There was only just room for the three of them in the lift, but there was no hitch this time. It stopped at the third floor, and Lady Gloria got out first. Rollison would not have been surprised had she decided to change her mind, and gone down the stairs, but she stood quite still as Derek inserted the key into the flat door. While he was opening it, Old Glory gripped Rollison’s arm tightly, and whispered quickly: ‘Don’t mention his wife.’
Rollison said nothing.
‘What’s that?’ asked Derek.
‘What’s what?’ said Old Glory, innocently.
Derek’s lips were curved a little, as if he not only knew that she had spoken, but also what she had said.
He led the way into a
small hall, the walls of which were covered with trophies of the spear and wild animal skin variety.
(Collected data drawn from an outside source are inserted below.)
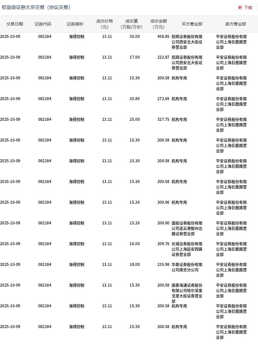 10月9日,海得控制大宗交易成交269.42万股,成交额3532.02万元,占当日总成交额的5.11%,成交价13.11元,较市场收盘价15.51元折价15.47%。
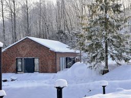 Стены из газобетонных плит с утеплителем гарантируют тепло и комфорт в любое время года. Фасад отделан кирпичом.
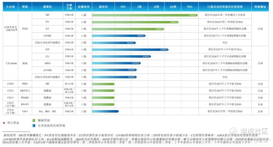 依托邦顺制药高选择性小分子药物发现平台及分子胶发现平台,邦顺制药已建立涵盖一款新药上市申请(NDA)阶段候选药物(贝泽昔替尼)、一款注册性临床阶段候选药物(CX1440)及五款临床前阶段候选药物(CX03、CX12、CX13、CX15及CX16)的管线。
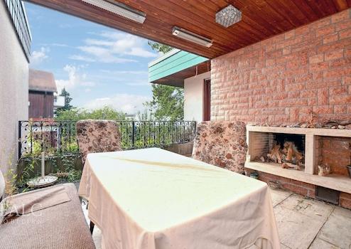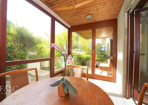 Die modernisierte Einliegerwohnung präsentiert sich in einem zeitgemäßen Design mit strahlend weißen Wänden und einem hellen Laminatboden, der eine freundliche und einladende Atmosphäre schafft. Über den gemütlichen Wohn-/Schlafbereich gelangen Sie direkt in den lichtdurchfluteten Wintergarten, der zusätzlichen Raum für Entspannung bietet. An diesen schließt sich eine eigene Terrasse an, die der perfekte Ort für sonnige Stunden im Freien ist. Direkt neben der Garage befindet sich der Zugang zur Einliegerwohnung.
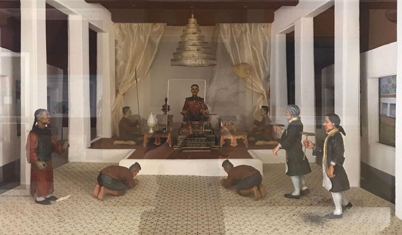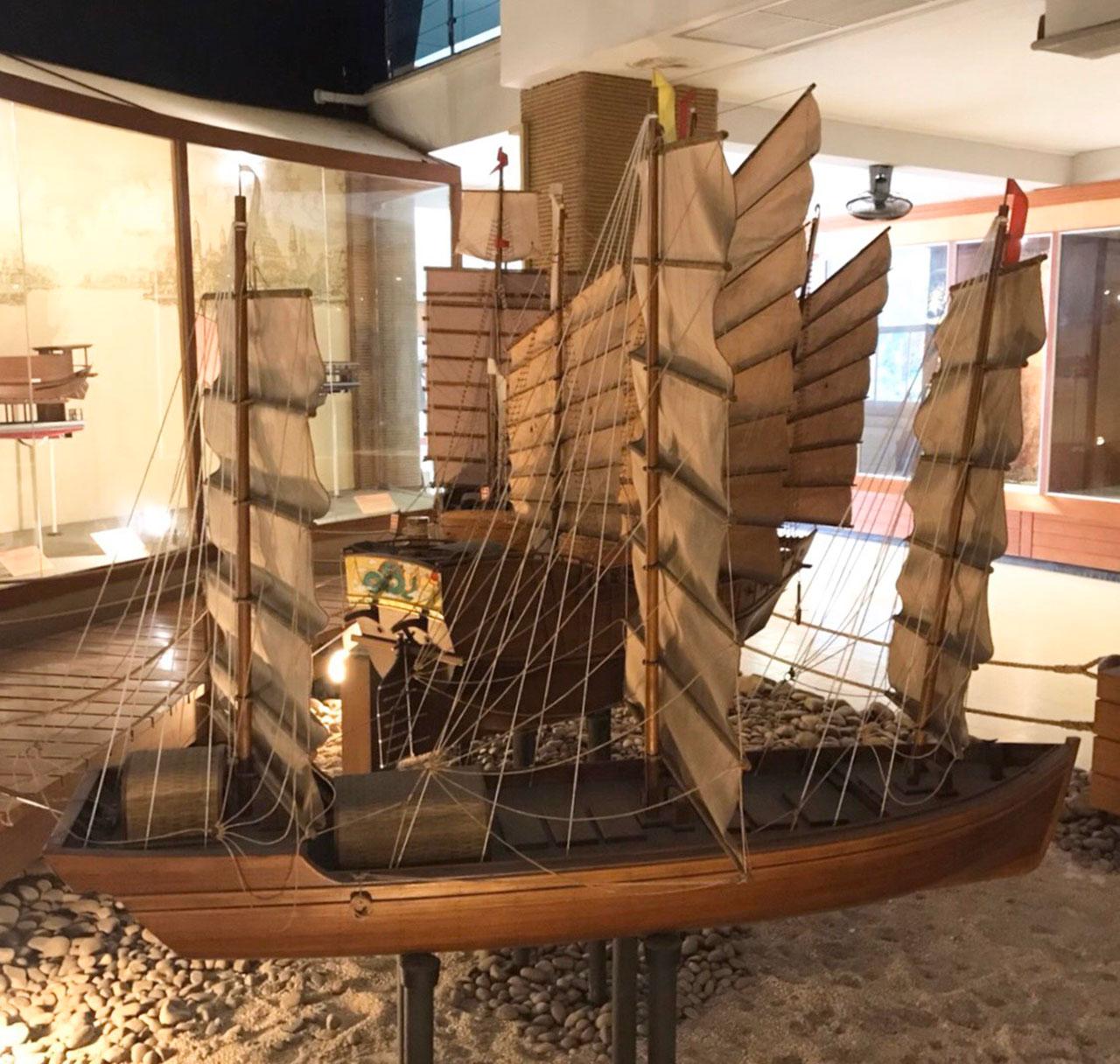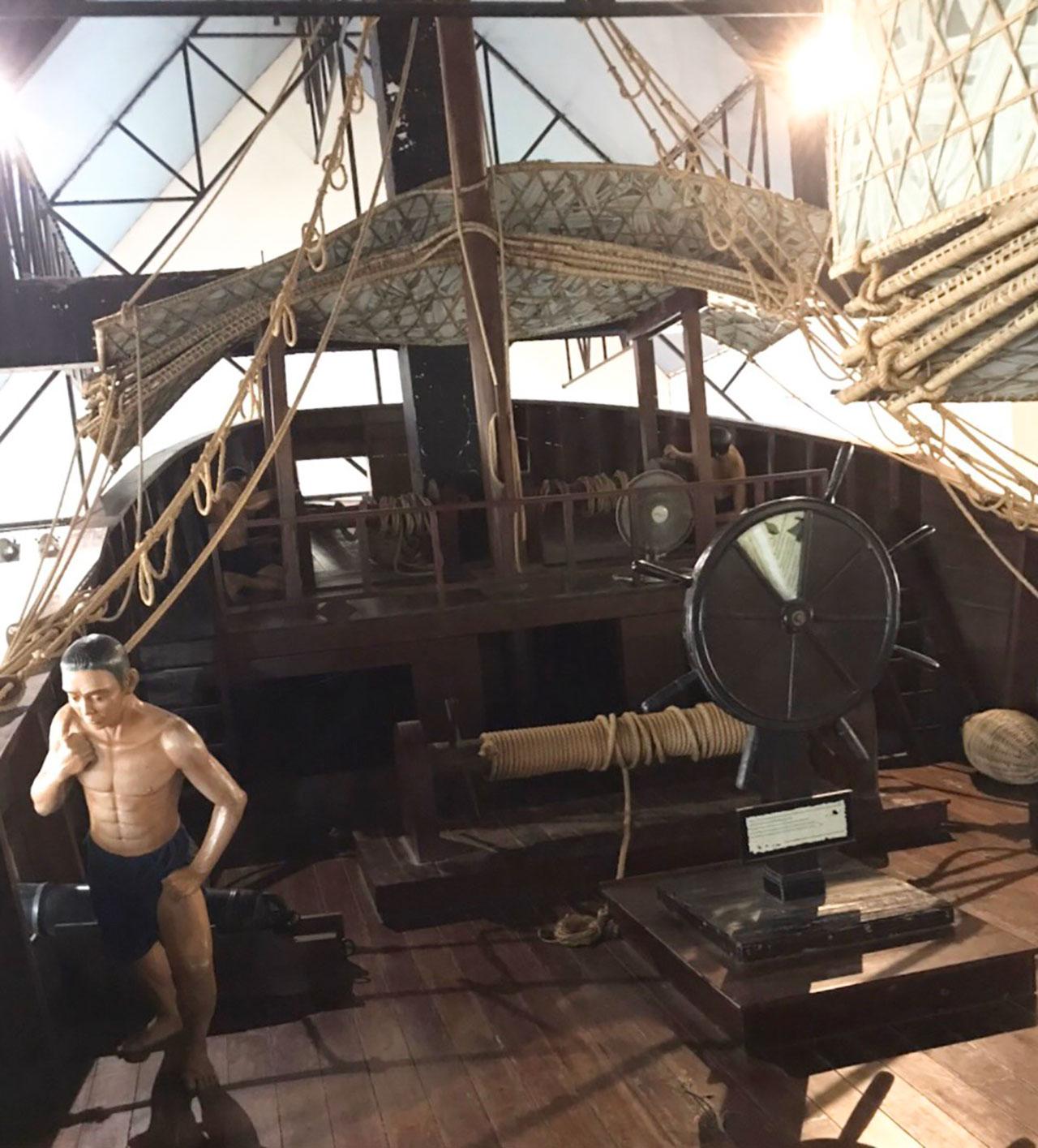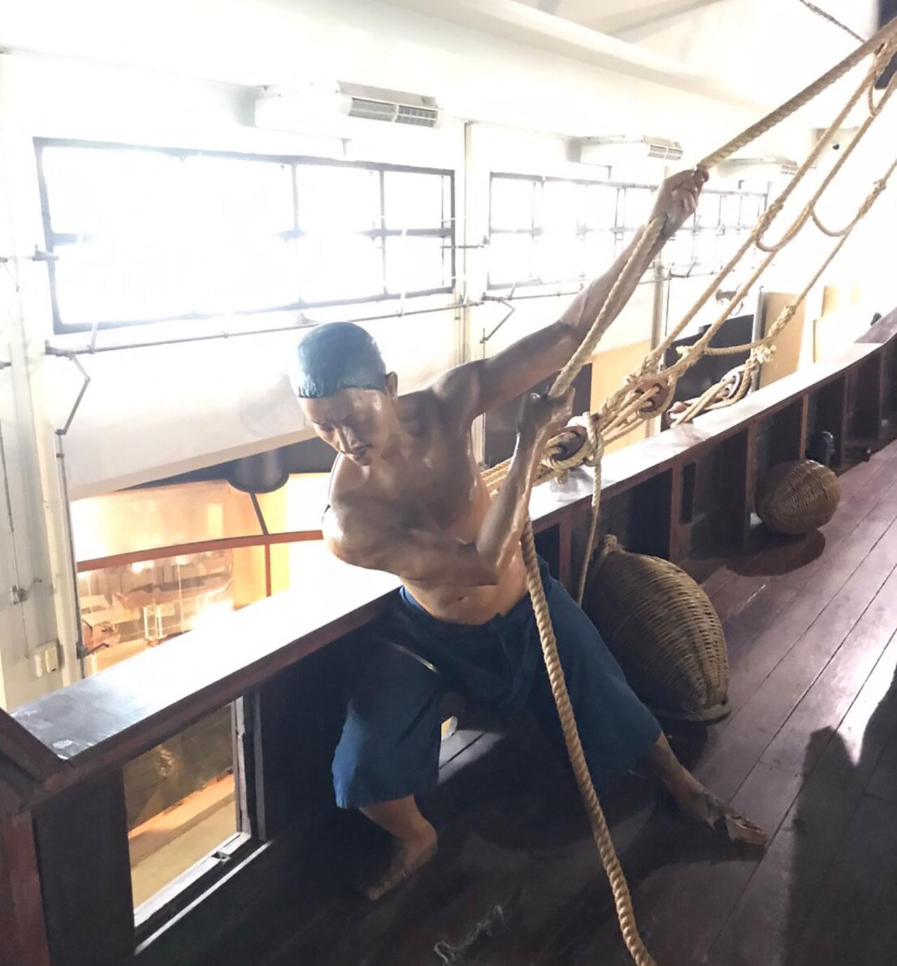 กรมศิลปากร เขาจำลอง “เรือหน้ายักษ์” ขนาดเท่าของจริง ที่ภัณฑารักษ์ที่นี่บอกว่า เป็นเรือสำเภาลำเล็กสุด แต่สำหรับผมแล้ว เล็กสุดยังไง ก็ยังใหญ่มากครับ มาตั้งไว้กลางห้อง ลักษณะเป็นเรือสำเภาโบราณ ด้านข้างสองข้าง มีตาเรือกลมๆ เจ้าหน้าที่ บอกว่า ตาเรือแบบนี้เป็นตาเรือสินค้า ถ้าสังเกตดีๆ ตาดำจะมองออกไปข้างหน้า ส่วนถ้าเป็นเรือที่มีตาดำมองต่ำลงไปในทะเล นั่นคือ เรือประมง แต่ถ้าเจอเรือที่มีรูปตาตัดเหลือเพียงครึ่งเดียวลอยมาหา ก็ต้องหนีทันทีเพราะนั้นคือเรือโจรสลัด

Derek threw open another door. They stepped into a sitting-room furnished with a surprising variety of carved tables fashioned of exquisite woods; Arabian silver, Chinese lacquer, and rich, very beautiful Oriental carpets, some of which hung from the walls.
The room, however, had a desolate, uncared for air. There was dust on most of the tables, and the ash trays were overflowing.
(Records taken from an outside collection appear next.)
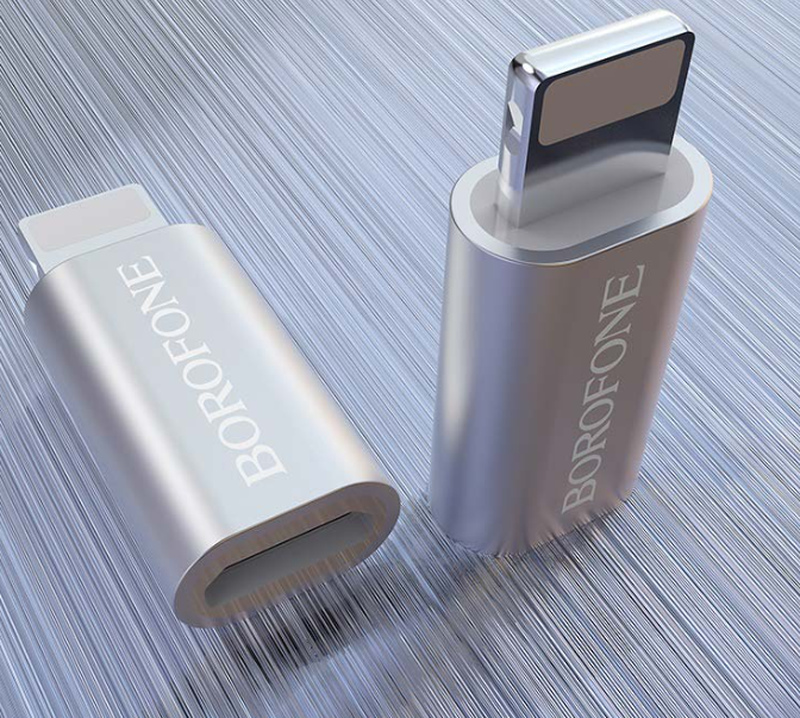 Тип комплектуючих: Інший тип комплектуючих Адаптер adapter Micro-USB к Lightning lightning адаптер для iPhone; переходник для айфона c микро ЮСБ; Переходник на айфон Micro USBадаптер Micro-USB к Lightning, преобразователь, поддержка OTG, корпус из алюминиевого сплава, легкий и портативный. 1. Материал: Алюминий. 2. Функция: превратить порт Micro-USB на Lightning. 3. Поддержка зарядки и синхронизации данных. 4. Размер: 2,5 * 1,5 * 0,6 см. Вес: 1г. OTG - перехідник Borofone BV5 Micro To Lightning - якісний і надійний аксесуар від бренду Borofone. Пропонується в стильної брендового упаковці. Аксесуар дозволяє підключити ваш пристрій, як для синхронізації і обміну даними, так і для зарядки. Модель має невеликі розміри і вага, що гарантує зручність при її використанні. Корпус перехідника реалізований з округленими гранями, виготовлений з міцного металу. Встановлення з'єднання між пристроями здійснюється через micro-usb – lightning Borofone Адаптер-переходник Lightning (8Pin) - microUSB BV5/Micro USB переходник для iPhone Lightning/Адаптер
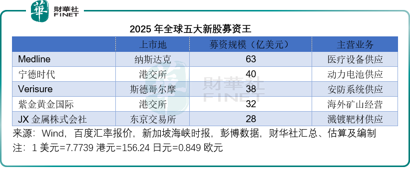 综合来看,今年IPO市场募资规模最大的是Medline,其次为宁德时代,第三大是欧洲安防巨头Verisure,第四大是紫金矿业(02888.HK)分拆的紫金黄金国际,第五大是日本的JX金属株式会社,见下表。
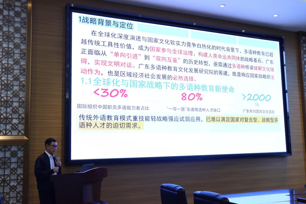 外语学院院长刘沛富汇报了“广东多语种教育文化发展研究院”的建设情况与发展规划。他表示,研究院立足粤港澳大湾区国际化发展需求,致力于通过多语种教育与跨文化传播培养具有国际视野的复合型人才。依托学校坚实的学科与科研基础,研究院聚焦多语种教育、跨文化交际、岭南文化创新、区域国别研究及教育政策与战略研究等重点领域。他强调,研究院将坚持党建引领与学术创新并重,完善科研管理和人才培养机制,推动国际合作与社会服务深度融合,努力建设成为服务国家战略和区域发展的高水平学术与智库平台。
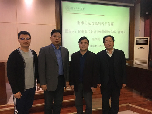 11月10日,应新葡萄邀请,北京京佃律师事务所主任、西南政法大学兼职教授、北京大学光华管理学院特聘导师、中华全国律师协会刑事委员会委员纪佃澎律师在新葡萄模拟法庭作了一场题为“刑事司法改革的若干问题”的学术报告。报告会由我院党崇武副院长主持。我院师生180余人到场参加了报告会。
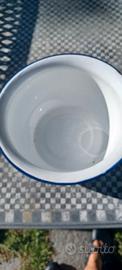 Antico vaso da notte smaltato, diametro cm. 22, con 3 piccoli segni usura (smalto saltato)
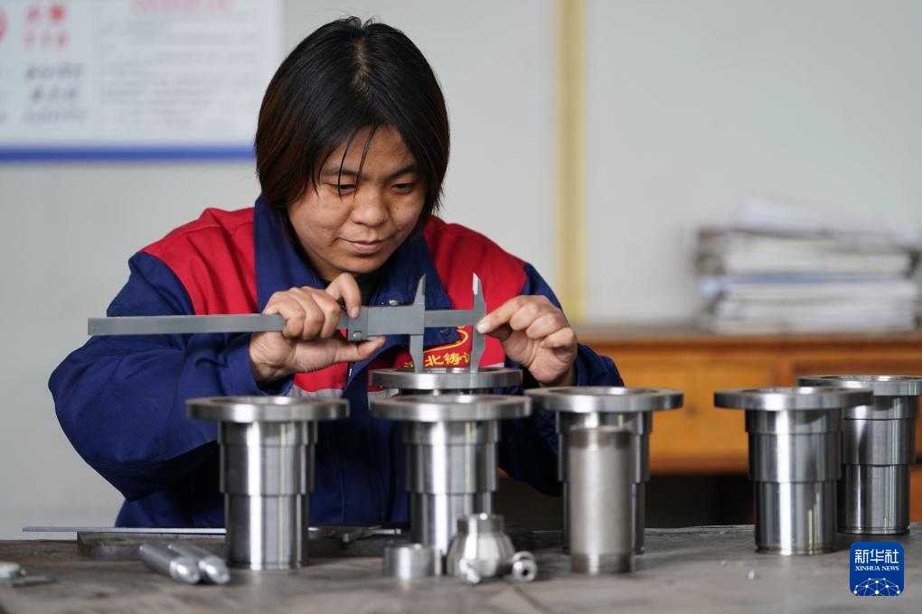 6月20日,河北省邢台市柏乡县一家工矿机械制造企业的员工在检测产品零部件。

‘Welcome,’ said Derek, ironically.
‘Thanks,’ said Rollison.
‘Why do you want to see me, Richard?’ demanded Lady Gloria. ‘I have an appointment at two o’clock, and I must not be late for it. I hope you do not intend to take up too much of my time.’
‘Oh, no,’ said Rollison, drily. ‘I want to telephone Scotland Yard and tell them that you are safe, that’s all. May I use it, Derek?’ He indicated a telephone, noticing that there were fingerprints on the dust which covered it.
‘Yes, of course.’
The others were watching him closely as he lifted the receiver, and he got the impression that both were a little apprehensive of what he was about to say. He smiled at them, each in turn, and waited for Grice to come on the line. As he waited, Rollison tried to analyse his own thoughts, and to make a guess at the emotions which the others were feeling. He judged that there was some restraint between them, and that Katrina was the cause. He spent more time watching Derek than Aunt Gloria; he felt that he knew most of what there was to know about her, but he could certainly not say the same of his cousin.
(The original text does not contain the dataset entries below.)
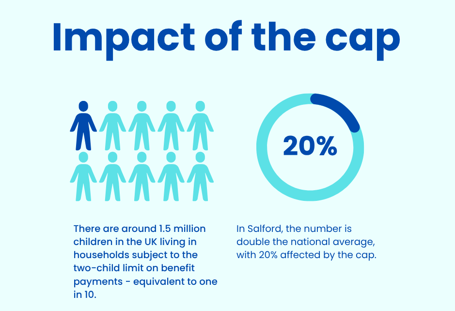 Salford is one of the areas hit hardest by the limit. According to the End Child Poverty Coalition and Resolve Poverty, 26.4% of children in the city are affected, the highest proportion in the North West. Their report also found that 45% of all children in Salford are living in poverty, and that ending the limit would bring the biggest economic benefit to any North West constituency, estimated at £10.1 million.
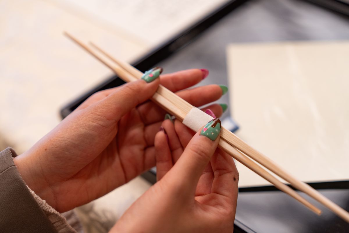 和食で重要な箸にも多くのルールがあります。例えば、取り分ける時に箸の反対側を使ってしまいがちですが、これはNG。箸の反対側は神様が食べるものという考え方があるのだといいます。ほかにも、「刺し箸」や「舐り箸」、箸を持った右手で器を取る「ずぼら箸」など、食事中のマナーがたくさんありますが、特に悩むのは食べる前に箸についている帯をどう取るか、ではないでしょうか。固くて外れない…というときは、右手の親指で帯の端を持ち、帯を中心に奥側の箸を右手で、手前の箸を左手で持つようにして左右に動かすようにするのがコツ。そのほかの箸のマナーについても、参加された方々は熱心に話を聞き実践していました。
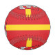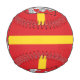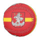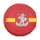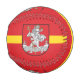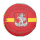 Baseball with design with flag of Vilnius, capital city of Lithuania; red flag with yellow stripe and coats of arms with two golden lions holding a shield in the centre
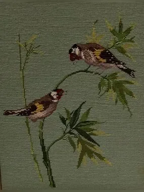Vintage Framed Petit Point Needlework – Two Birds on Bamboo ,Made in Mexico 1997
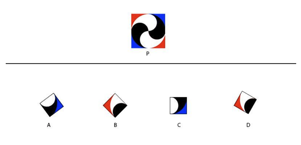 P is a completed puzzle made of four-square pieces. If the four pieces are removed to play the puzzle again, which piece shown below will NOT fit into the final image?
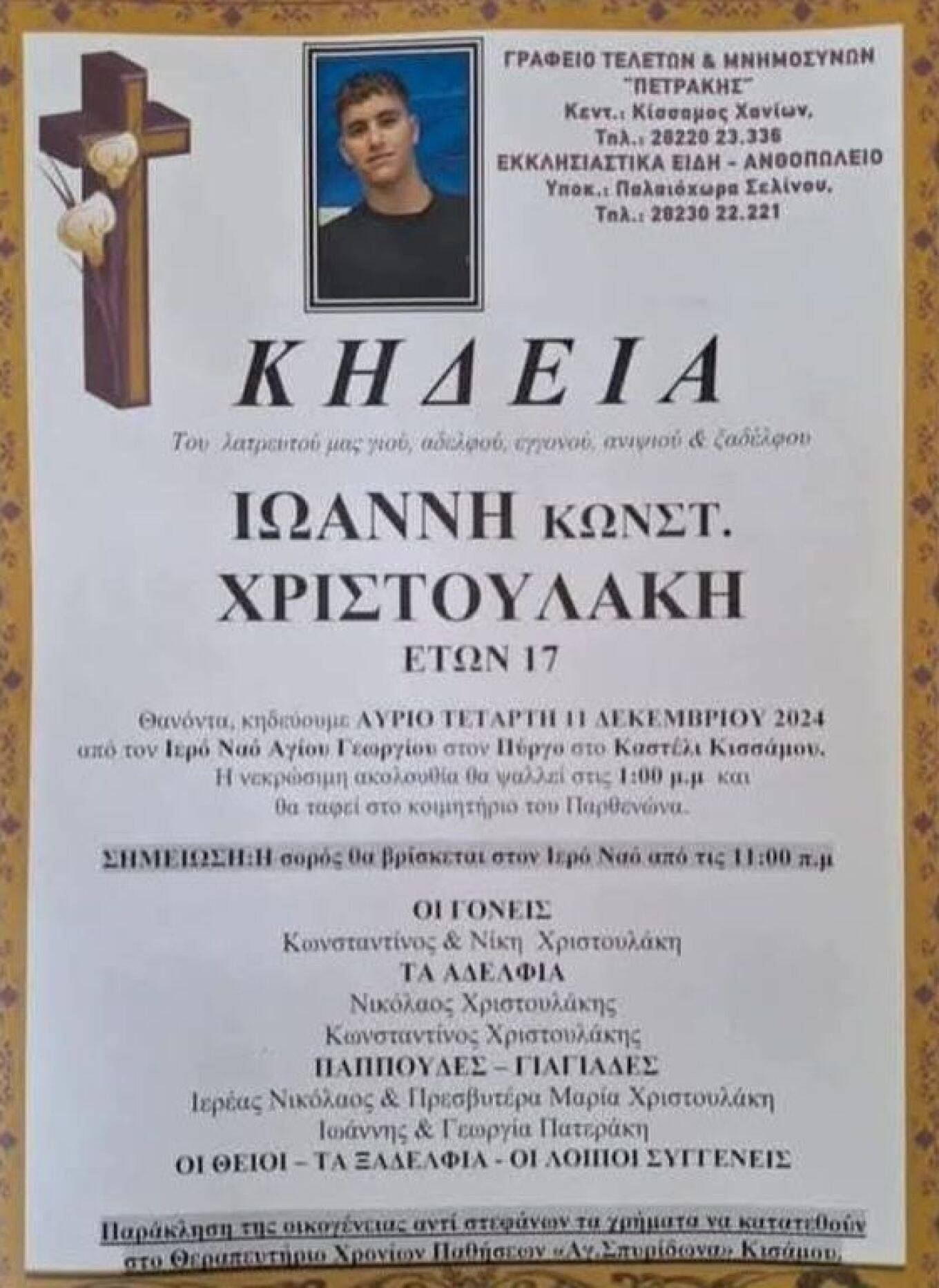Η κηδεία του 17χρονου Γιάννη θα πραγματοποιηθεί την Τετάρτη 11 Δεκεμβρίου στον Ιερό Ναό Αγίου Γεωργίου στον πύργο Καστελίου. Η σορός θα βρίσκεται στον ναό από τις 11:00 το πρωί. Παράκληση της οικογένειας, αντί στεφάνων τα χρήματα να κατατεθούν στο Θεραπευτήριο Χρονίων Παθήσεων “Αγ. Σπυρίδωνα” Κισάμου.

Derek was a curious individual in many ways.
Standing and watching, with a half-smile on his face, he seemed a strong personality, the kind of man whom it was difficult to forget. Yet he, Rollison, had forgotten him. What was it about Derek that made it so difficult to tabulate and assess him? A certain elusiveness, perhaps, an extreme reticence?
‘Hallo, Rolly,’ said Grice, at last.
‘Hallo, old chap,’ said Rollison. ‘I’ve news for you. You can call the bloodhounds off. My Aunt Gloria has surfaced. She’s with me now!’